■ **WORK REQUIRED**
Which lines run from the one containing "Profitez du confort" through the last line of the records? Copy them exactly, leaving pictures out.

■ **GIVEN INFORMATION**
Start of Block
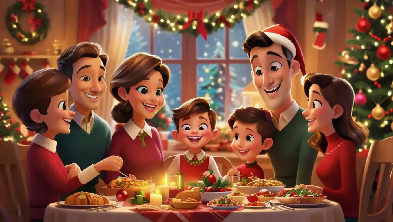 Generate vibrant cartoon-style Christmas family dinner scenes with AI. This festive image depicts joyful togetherness, warm interactions, and holiday cheer through playful animations. Ideal for greeting cards, social media, or festive content. vivago.ai’s tools transform prompts into lively, heartwarming visuals perfect for capturing magical holiday moments.
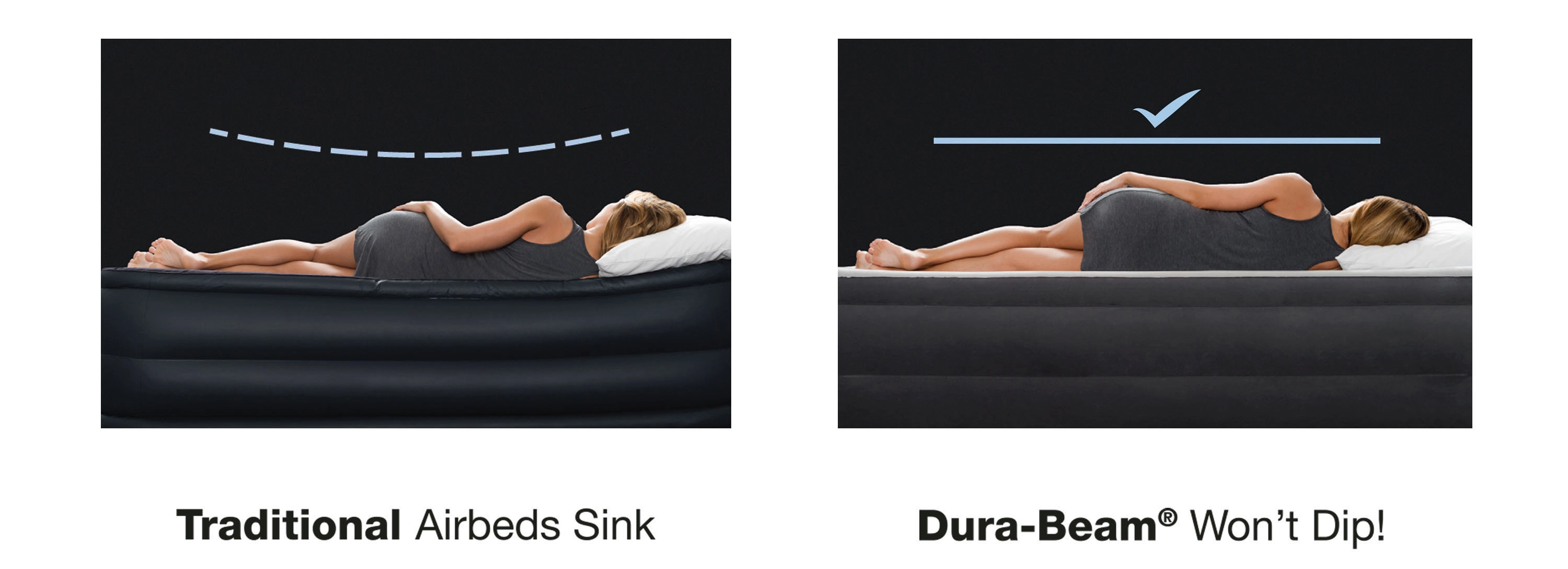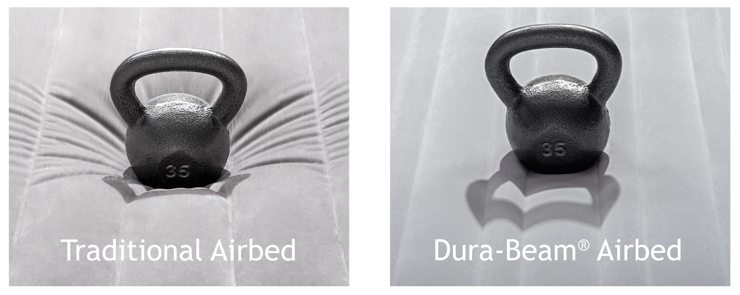 Profitez du confort d’un matelas gonflable ferme et agréable, idéal pour les invités comme pour les vacances. Grâce à la technologie Fiber-Tech avec fibres en polyester, le matelas est plus rigide, plus durable et répartit uniformément le poids sur toute la surface. La surface ondulée et la structure à chambres aident à maintenir la position correcte de la colonne vertébrale et réduisent le risque de douleurs dorsales et cervicales.
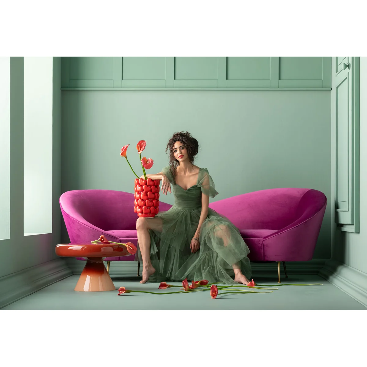 • An irresistible designer sofa for three with a fuchsia-coloured, velvet-look cover and slender legs in stainless steel with a brass finish • This three-seater couch in purple is a curvaceous star which can also be placed anywhere in the room because the back and sides are so attractive to look at • A piece of upholstered furniture with the character of a showpiece, which also offers comfortable seating • with its all-round upholstery • Side tables with marble tops and decorative objects in gold and brass match the retro flair of the sofa • Can be arranged in style with a few velvet pouffes in candy colours as a seating group
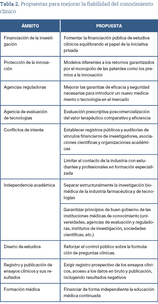 Si el origen es político, las soluciones también deben serlo. Recientemente, un grupo de destacados investigadores11 proponían algunas soluciones. Alianzas entre organizaciones profesionales y de la sociedad civil como No Es Sano12, hacen abogacía por cambiar el modelo de innovación y financiación de los medicamentos y tecnologías (tabla 2).
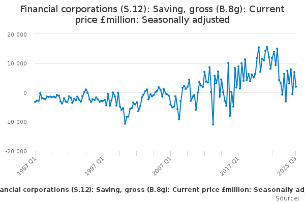 Download this time seriesFinancial corporations (S.12): Saving, gross (B.8g): Current price £million: Seasonally adjusted
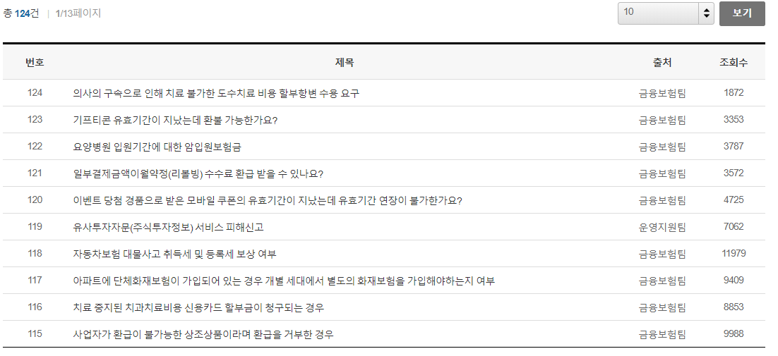 특히, 신용카드 리볼빙이나 유사투자자문, 주식투자정보 및 자동차보험 대물사고 취득세, 등록세 보상 여부, 사업자 환급 거부나 아파트의 화재보험 가입이 필수인지 여부 등 일반인이 알기에 까다로운 정보들이 많이 있습니다.
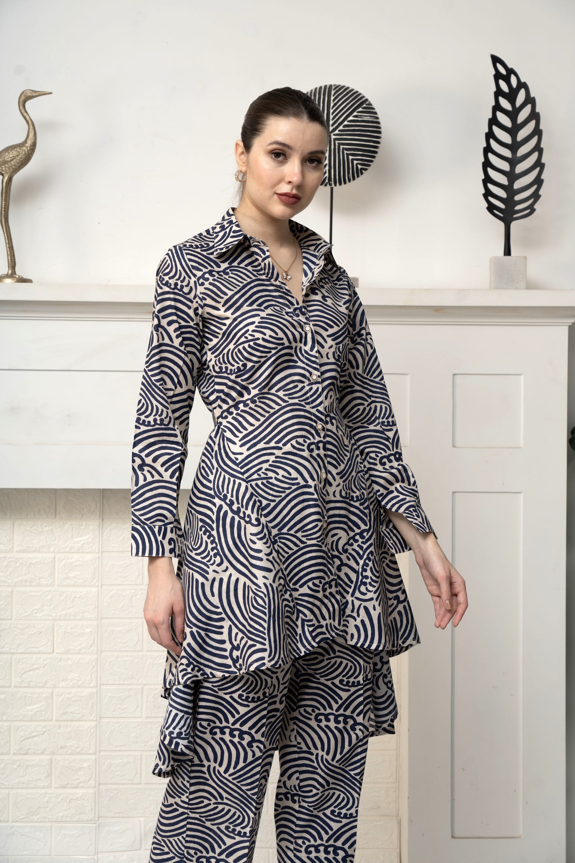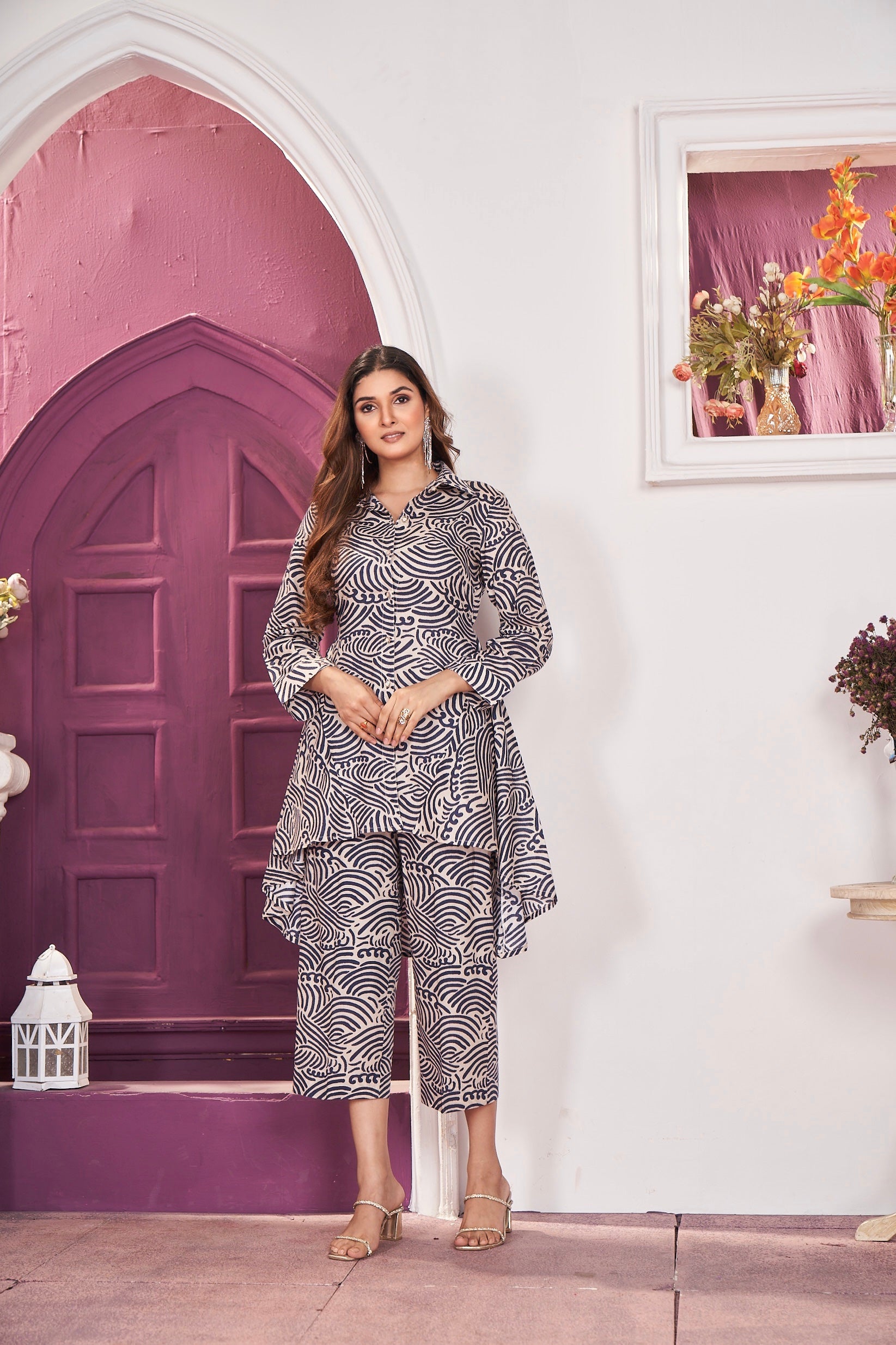 Introducing our Cotton Cobalt Blue Co-ord Set , a stylish two-piece ensemble featuring pants and a shirt. Crafted from skin-friendly colors, this set offers a minimalist yet elegant look that is an absolute must-have in any wardrobe. With its quarter sleeve length and comfortable design, it ensures easy wear and superb comfort. Perfect for any occasion, it blends sophistication with effortless style, making it a versatile choice for both casual outings and more formal settings.
End of Block
■ **RESULT OF THE TASK**
 Profitez du confort d’un matelas gonflable ferme et agréable, idéal pour les invités comme pour les vacances. Grâce à la technologie Fiber-Tech avec fibres en polyester, le matelas est plus rigide, plus durable et répartit uniformément le poids sur toute la surface. La surface ondulée et la structure à chambres aident à maintenir la position correcte de la colonne vertébrale et réduisent le risque de douleurs dorsales et cervicales.
 • An irresistible designer sofa for three with a fuchsia-coloured, velvet-look cover and slender legs in stainless steel with a brass finish • This three-seater couch in purple is a curvaceous star which can also be placed anywhere in the room because the back and sides are so attractive to look at • A piece of upholstered furniture with the character of a showpiece, which also offers comfortable seating • with its all-round upholstery • Side tables with marble tops and decorative objects in gold and brass match the retro flair of the sofa • Can be arranged in style with a few velvet pouffes in candy colours as a seating group
 Si el origen es político, las soluciones también deben serlo. Recientemente, un grupo de destacados investigadores11 proponían algunas soluciones. Alianzas entre organizaciones profesionales y de la sociedad civil como No Es Sano12, hacen abogacía por cambiar el modelo de innovación y financiación de los medicamentos y tecnologías (tabla 2).
 Download this time seriesFinancial corporations (S.12): Saving, gross (B.8g): Current price £million: Seasonally adjusted
 특히, 신용카드 리볼빙이나 유사투자자문, 주식투자정보 및 자동차보험 대물사고 취득세, 등록세 보상 여부, 사업자 환급 거부나 아파트의 화재보험 가입이 필수인지 여부 등 일반인이 알기에 까다로운 정보들이 많이 있습니다.
 Introducing our Cotton Cobalt Blue Co-ord Set , a stylish two-piece ensemble featuring pants and a shirt. Crafted from skin-friendly colors, this set offers a minimalist yet elegant look that is an absolute must-have in any wardrobe. With its quarter sleeve length and comfortable design, it ensures easy wear and superb comfort. Perfect for any occasion, it blends sophistication with effortless style, making it a versatile choice for both casual outings and more formal settings.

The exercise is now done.